On the Earth, humans generate an estimated 1.2 billion metric tons of solid garbage per year. About half of that is organic waste, in the form of unwanted or unusable food and other materials like horticultural waste. Paper products and plastic amount to around 27 percent of the total, and then there’s metal, glass, and “other.” Of course, exactly who produces this garbage is very unevenly distributed across the globe, with the average citizen of the United States beating out pretty much everyone else, with around 0.72 metric tons of solid waste per person per year. By comparison, Turkey generates only about half as much waste per capita.
These figures don’t include recycling, but for the most part our efforts in that direction remain woefully limited on these planetary scales. And as for liquid waste, well, that’s a whole other story. Global production of wastewater stands at an estimated 1,500 cubic kilometers a day, which adds up to enough wastewater to fill up a cube about 80 kilometers on each side every single year.
It’s pretty horrifying to think about all the garbage we make on Earth and the garbage we’ve already left on the moon, but as with plenty of other complications, the question of trash is entirely absent from plans for putting humans on Mars. What would it actually look like?
Let’s imagine (as Elon Musk has suggested) 1 million people. That’s a large enough population for us to assume that this settlement’s economy supports an amount of consumerism, as well as all the critical needs of this many souls for water, food, clothing, domestic items, and even entertainment. This is much more than a science outpost. If citizens of our million-person settlement were to be as wasteful as the average American, they would generate around 720,000 metric tons of solid waste and perhaps 68 cubic kilometers of wastewater per Earth year.
Of course, living on Mars would force us to produce less garbage. After all, a lot of terrestrial human waste comes from the large-scale industrialization of our societies and the transportation of food and goods across an entire planet, which a smaller Mars society wouldn’t face. We also, on Earth, won’t immediately die if we toss a paper cup or forget to turn off a faucet, and consequently many of us are seldom confronted directly with the downsides to waste. By contrast, survival on a world far from Earth, in a deadly (albeit picturesque) environment, leaves no room for mistakes or a lack of forward thinking. A million-person community on Mars will have to be focused on safety, efficiency, recycling, and minimizing waste at all costs.
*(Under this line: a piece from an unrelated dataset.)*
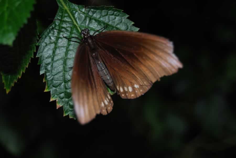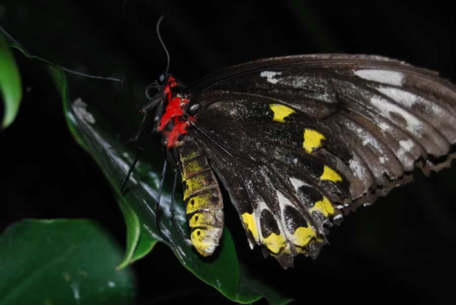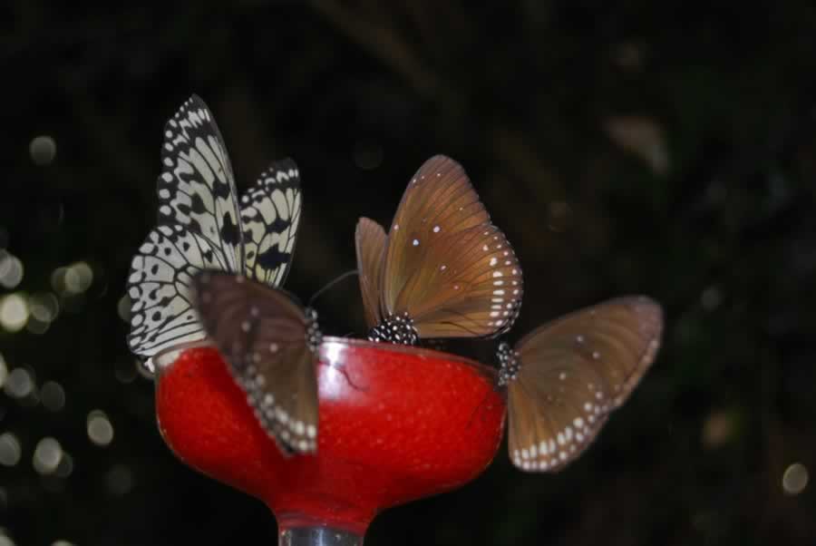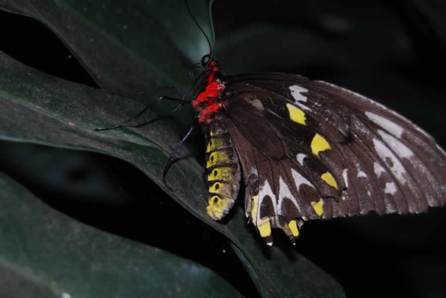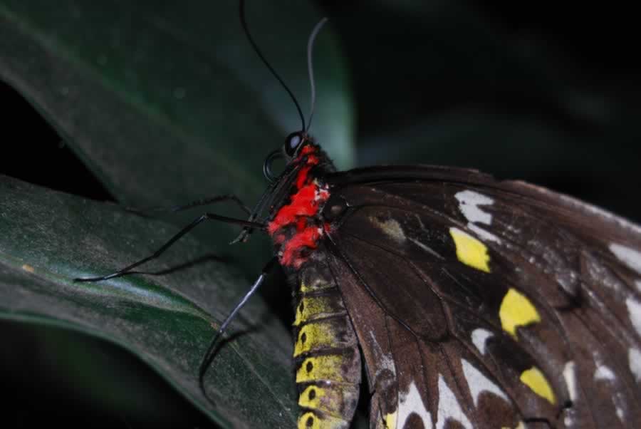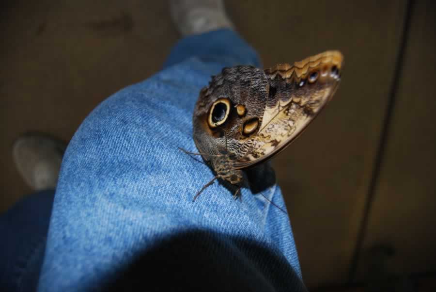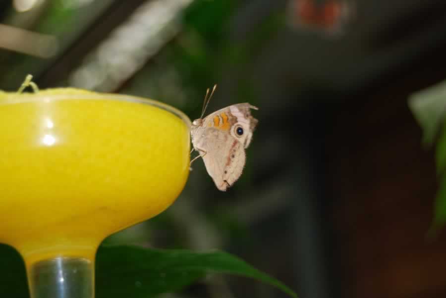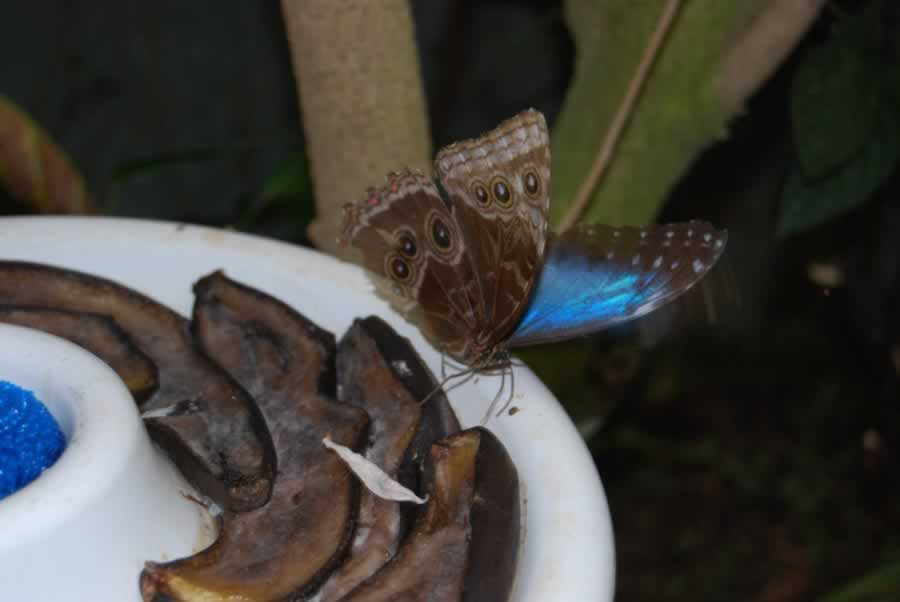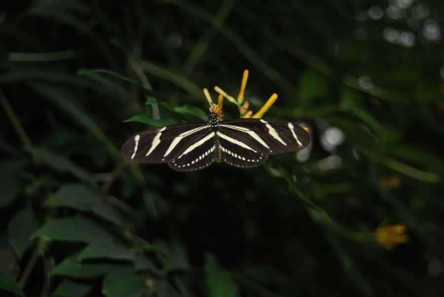Usually on the Fourth of July I watch the Boston fireworks from my rooftop, but this year the temperature topped off at 94, and I felt like getting out of town. My destination proved an ironic choice for getting out of the hot city. I picked Magic Wings Butterfly Conservatory in South Deerfield. One might reasonably suppose that such a place would be heated and humidified, but, holy cow!, they ought to issue machetes to guests for cutting through the air.

But even the most efficient, innovative Martian society won’t be without its garbage. The fictional astronaut Mark Watney in Andy Weir’s scientifically motivated story The Martian figured out how to grow food from human waste and to, rather ingeniously, make water from rocket fuel. All shining examples of thrift and reuse. But think about the garbage he also generated (duct tape is more or less indestructible), as well as all of the hardware he eventually abandons on the surface of the planet—and that’s just one human. In reality there will be limits to how “green” a Martian settlement can ever actually be, even if that is a bit of a misnomer on a red planet.
The current situation on the International Space Station provides a reality check of sorts. When it comes to water they do well, with around 93 percent of all water being recovered from waste (and yes, astronauts already drink this purified water). But official figures indicate that four astronauts on a yearlong mission can generate around 2.5 metric tons of dry garbage. At 0.63 tons per person, that is only a little better than a typical earthbound American’s production.
A major issue is that the ISS doesn’t make its own supplies, so despite severe weight constraints due to the cost of rocket launches, everything has to be shipped in cargo craft, encased in packaging, and is not really designed for repurposing. Furthermore, life on the ISS is demanding and precarious enough that it’s awfully hard to reuse or improvise new uses of materials without compromising the function or integrity of your life-sustaining surroundings. Unlike in some sci-fi movies where spaceships or alien habitats get endlessly patched and rigged, the real universe is much less forgiving.
Of course, a functioning million-person society on Mars will have to have some manufacturing capabilities, and efficiency will demand more extensive recycling methods, and could limit things like packaging (which alone represents about 65 percent of household trash in the United States). All of which could, and should, make it much more efficient than the ISS. But even if our Martian settlement could reduce its waste production by factor of 100 (a spectacular, and perhaps wholly unrealistic accomplishment) that would still mean thousands of tons of garbage per Earth year to dispose of. What do you actually do with garbage on a planet like Mars?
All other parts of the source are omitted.